I frequently emphasize the substrates at which learning and knowledge are connected or networked. As more attention is paid to learning networks and personal learning, it’s important to highlight that most of the discussion is focused on the social/external substrate, ignoring other dimensions of networkedness (I’m sure that’s a word).
By quick review:
1. Neuronal – brains don’t hold knowledge in chunks – it’s networked. A simple task, such as picking up a pencil, requires numerous areas of the brain to harmonize their distributed activity (sometimes referred to as the “binding problem”) in order to produce the intended action. Recognizing a human face is an astonishingly complex distributed neural activity – an image of a face doesn’t exist in our brains. Instead, different regions of the brain contributed to producing recognition. Olaf Sporns has explored the similarity between some network attributes of the neocortex and other scale-free networks.
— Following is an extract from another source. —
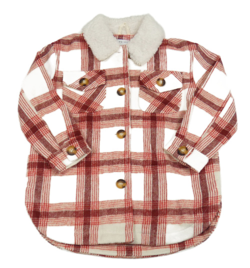Bielo-červená kockovaná košeľová bunda s beránkem Primark

2. Conceptual – connections generate meanings. When two or more concepts are brought into some type of relationship, they produce something different than their individual attributes would suggest. Conceptual blending attempts to describe what’s involved in the process of bringing concepts in relation to each other. Burkes’ Knowledge Web is similarly based on trying to find how knowledge is connected/related. As does Danny Hillis’ article Aristotle: The Knowledge Web. Or consider a tool like Brainscanr that attempts to detail relationships between concepts in psychology. We are constantly forming and blending concepts. When we are involved in formal learning, we are more conscious of the process as we’re bringing together our life experiences and current understanding of a topic with new information provided by a course or program of study.
3. Social and technological networks – we live these daily and tools like Facebook and Twitter have made these more explicit. Publications from mathematicians and physicians over the last decade have increased attention on networks (Barabási, for example). However, sociologists have been playing in the domain of networks long before the current hype drove networks into popular society. Barry Wellman, Mark Granovetter, and Paul Lazerfeld lay much of the foundation for what is now being “discovered” about social networks. Researchers are beginning to take a multi-disciplinary approach to networks, realizing that network attributes exists in food chains, transportation systems, etc. Basically, networks underpin life and human existence. The internet, web, and now social media raise the profile of networks because we now experience them daily. When directed toward learning, networks (web, citations, social, etc) are inescapable. As human knowledge becomes more explicit – i.e. stored in a database, waiting analysis – analytics becomes increasingly important in order to understand complexity. The discovery of the corona virus (SARS) was accomplished in a period of a month – an extremely short period of time considering the complexity involved. This was enabled by researchers connecting to each other and sharing information. Understanding how and why people and information connect is a key task of analytics (have I mentioned TEKRI is organizing a conference on Learning and Knowledge Analytics?). Knowledge in any moderately complex task or activity is networked (building a plane, designing a road system, printing a book).